Jennifer Kellar lost her son, Christopher Matthew Sifka III, to sudden infant death syndrome on Nov. 10, 2014. He was three months old. She brought her boyfriend, the baby’s father, to the Remembrance Garden ceremony.

Her day at the garden was one of the better days she’s had since Christopher’s death, she said, because she felt less alone in her grief. “Anything we can do to remember him, we do.”

Kellar has two other children, ages 15 and 7. Marchitto, after her loss in 1945, bore two healthy sons and a daughter. Durden, the Atlanta mother, has a grown daughter and son. And Dorothy and Vito Caruso adopted two babies from Korea — Rebecca and Rachel — now 38 and 41.

What universally pains these mothers is when well-intentioned friends and family, remarking on the babies that died, tell them how lucky they are to have gone on to be parents to other children.

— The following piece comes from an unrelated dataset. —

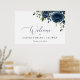 Poster Flores Azuis-Marinho, Folhagens, Boho, Recepção de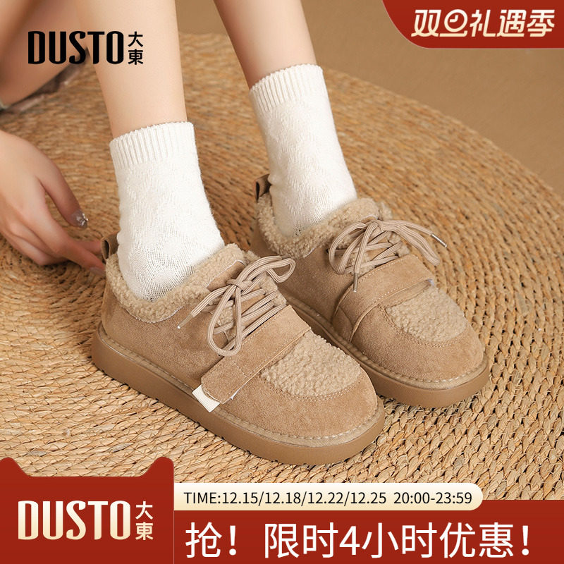 大东休闲鞋女鞋2025冬季新款时尚保暖加绒女短靴圆头运动鞋面包鞋

They do feel lucky. But they miss the ones they lost.

Caruso, for the first time this year, went to the memorial service where a paver, beneath the statue of Rachel, honors a boy named for her husband, Vito Aristo. She still wonders why she didn’t speak up when the nurse trashed his remains.

“Sometimes I get so mad at myself,” she said. “Why didn’t I say something? Like ‘How dare you?”

Here in the garden, she finds some peace.

“I don’t know if you want to call it closure,” she said. “It’s just nice to know that, 47 years later, you haven’t forgotten.”